Maryland Time to Care Act of 2022
On April 9, 2022, Maryland became the most recent state to enact a paid family leave law with the passing of the Time to Care Act of 2022 (the “Time to Care Act”). This law will provide up to 12 weeks of paid leave (up to 24 weeks in certain situations) to covered individuals for specific qualifying reasons.
Eligible leave under the Time to Care Act will be paid from a fund called the Family and Medical Leave Insurance fund (the “Fund”), which shall be administered by the Maryland Secretary of Labor. The Fund shall consist of money received from different sources including employee contributions, self-employed individual contributions, and employer contributions.
Commencing on October 1, 2023, all employees and employers with 15 or more employees will be required to make contributions to the Fund. In addition, self-employed individuals who elect to participate in the program will be required to make contributions to the Fund commencing on that date. These contributions, which are in essence a payroll tax, will be used to pay for the leave benefits under the law.
To be eligible to receive benefits under the Time to Care Act, an employee must have worked at least 680 hours over the 12-month period immediately preceding the date on which leave is to commence.
Beginning January 1, 2025, a covered individual (which is defined under the statute to include both covered employees and self-employed individuals who elect to participate in the program) will be able to submit a claim for benefits under the Time to Care Act when a qualifying event occurs. The benefits provided under the law can be used by a covered individual to:
1. Care for a newborn child or a child newly placed for adoption, foster care, or kinship care with a covered individual during the first year after the birth, adoption, or placement; Care for a family member with a serious health condition;
2. Care for a family member with a serious health condition;
3. Attend to a serious health condition that results in the covered individual being unable to perform the functions of the covered individual’s position;
4. Care for a service member with a serious health condition resulting from military service who is the covered individual’s next of kin; or
5. Attend to a qualifying exigency arising out of the deployment of a service member who is a family member of the covered individual.
Covered individuals receiving benefits under the Time to Care Act will be paid a benefit amount that is determined on a case-by-case basis between $50 and $1,000 per week.

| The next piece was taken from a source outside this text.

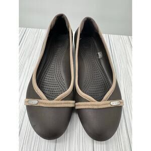 Crocs Espresso Brown with Suede Trim Ballet Slip-On Women's Flats Sz 10 Round Toe – Comfortable & Stylish Everyday Wear

The maximum amount of benefits, initially set at $1,000 per week, is subject to adjustment during each succeeding 12-month period beginning on January 1, 2025 based upon the annual percentage growth in the Consumer Price Index for all urban consumers for the Washington-Arlington-Alexandria, DC-VA-MD-WV metropolitan area or a successor index published by the Federal Bureau of Labor Statistics.
Before a covered individual can receive benefits under the Time to Care Act, he or she must first exhaust all employer provided leave that is not required to be provided under the law.
Benefits under the Time to Care Act may be taken by a covered individual continuously or an intermittent basis.
Leave under the Time to Care Act is job protected. With limited exceptions, if a covered employee receives benefits under the Time to Care Act or takes leave from work for which benefits may be paid under the law, then his or her employer must restore the covered employee to an equivalent position of when the covered leave ends.
There are certain notice requirements under the Time to Care Act. Employers are required to provide written notice to each employee of the employee’s rights and duties under the Time to Care Act at the time of hire and annually thereafter. Further, when an employee requests leave under the Time to Care Act or when an employer knows that an employee’s leave may be covered under the statute, the employer must notify the employee of his or her eligibility to take leave for which benefits may be paid under the law within 5 business days.
An employer may seek an exemption from and satisfy the requirements of the Time to Care Act if the employer provides a private employer plan consisting of employer-provided benefits, insurance, or a combination of both. The plan must be offered to all eligible employees and must meet or exceed the rights, protections, and benefits provided under the Time to Care Act. If an employer wants to seek such an exemption, its private employer plan must be filed with the Maryland Department of Labor for approval.
Given the significance of the Time to Care Act, employers in Maryland should act now to ensure compliance with the law.
Disclaimer: The opinions raised in this blog are solely those of the author. The information contained in this blog is general in nature and is not offered, and cannot be considered as legal advice for any particular situation.